Hay aliento entre los compañeros y, a veces, alguna pierna fuerte. (Gustavo Gavotti)
Hay aliento entre los compañeros y, a veces, alguna pierna fuerte. (Gustavo Gavotti)

“Otra cosa que nos enseñan es que acá nos mezclamos todos, que no importan las condiciones ni sociales ni deportivas de cada uno, lo que importa es que a todos nos gusta el fútbol y que todos queremos sobre todo sentir que venimos a un espacio en el que lo más importante es mantener la buena onda”, explica Roni. “Compartir esto con mi viejo es increíble, es un rato en el que los dos hacemos lo que más nos gusta y en el que ya nos entendemos sin decirnos nada. Eso sí, ya no jugamos enfrentados porque nos puteábamos”, cuenta, entre risas. La cancha -esta Bombonera y también la Bombonera real- los une como ningún otro espacio. Tal vez el inicio de todo eso haya sido en la rama anterior del árbol genealógico, cuando Ronald vio que otros lo hacían y se animó a darle a su padre el primer abrazo que los unió, después de un gol de Boca.

En el complejo del Abasto, cuando hay que recuperar un poco la respiración y bajar la frecuencia cardíaca, el arco es el lugar que eligen los más grandes. Como en cualquier partido de fútbol, casi todos los jugadores pasan al menos unos minutos por debajo de los palos, juegan defendiendo y también atacando.

Como en cualquier partido de fútbol, hay minutos más serenos y otros más calientes, y cuanto más reñido es el resultado, más apretados los dientes.

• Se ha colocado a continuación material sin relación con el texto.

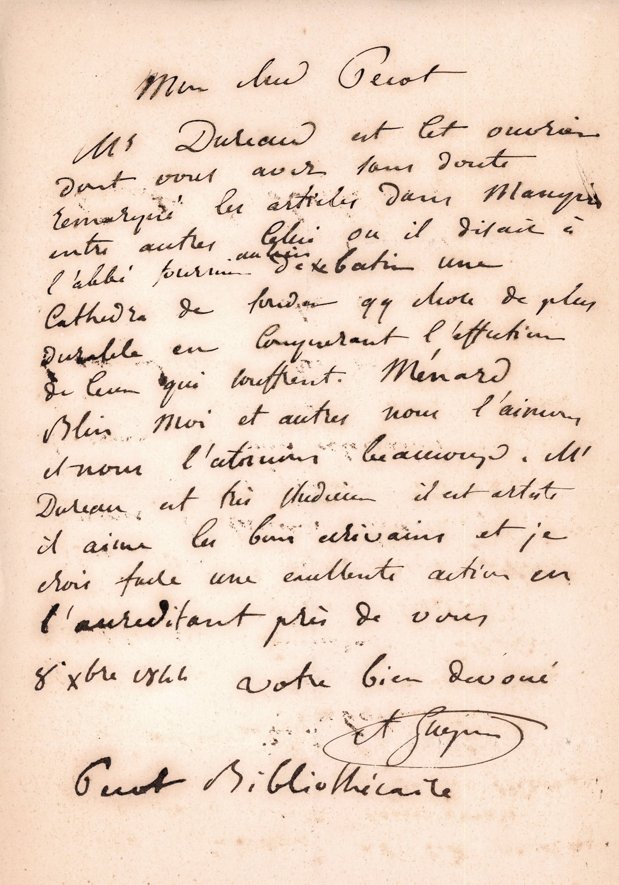 Important lot de + de 260 pièces manuscrites , principalement de la 1ère moitié du XIXe siècle ; en provenance de la collection Armand Guéraud, libraire-éditeur nantais.
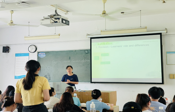 第二节课是陈英老师讲授的“英语学科课程与教学论”课程,陈英从2022版新课标出发,通过案例呈现、任务型教学等教学手段,学生更好地理解了学习者差异所带来的教学问题及解决方案,课程内容贴合于中学教学实践,服务于培养优质的中学英语教师。
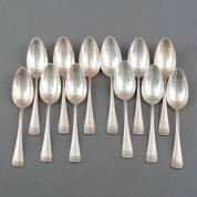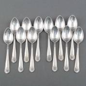 Twaalf 2e gehalte zilveren toespijslepels, Haags lof, meester: Koninklijke van Kempen en Begeer, Zeist, tweede helft 20e eeuw, gewicht 333 gram, 14 cm

En las canchas que rodean a esta, el promedio de edad de los jugadores es ostensiblemente más bajo que en La Bombonera.

Pero nada de eso importa los miércoles a las 21 y los domingos a la mañana, cuando este grupo histórico se junta: acá se deja todo lo que cada uno tiene. El estrés de la semana, algunos abrazos, toda la potencia y la estrategia que sea posible poner en la cancha, algunos gritos de reproche o de aliento, pases cortos, agarrones de camiseta y la sensación de que nunca es suficiente, de que hay que volver otro día. Como en cualquier partido de fútbol.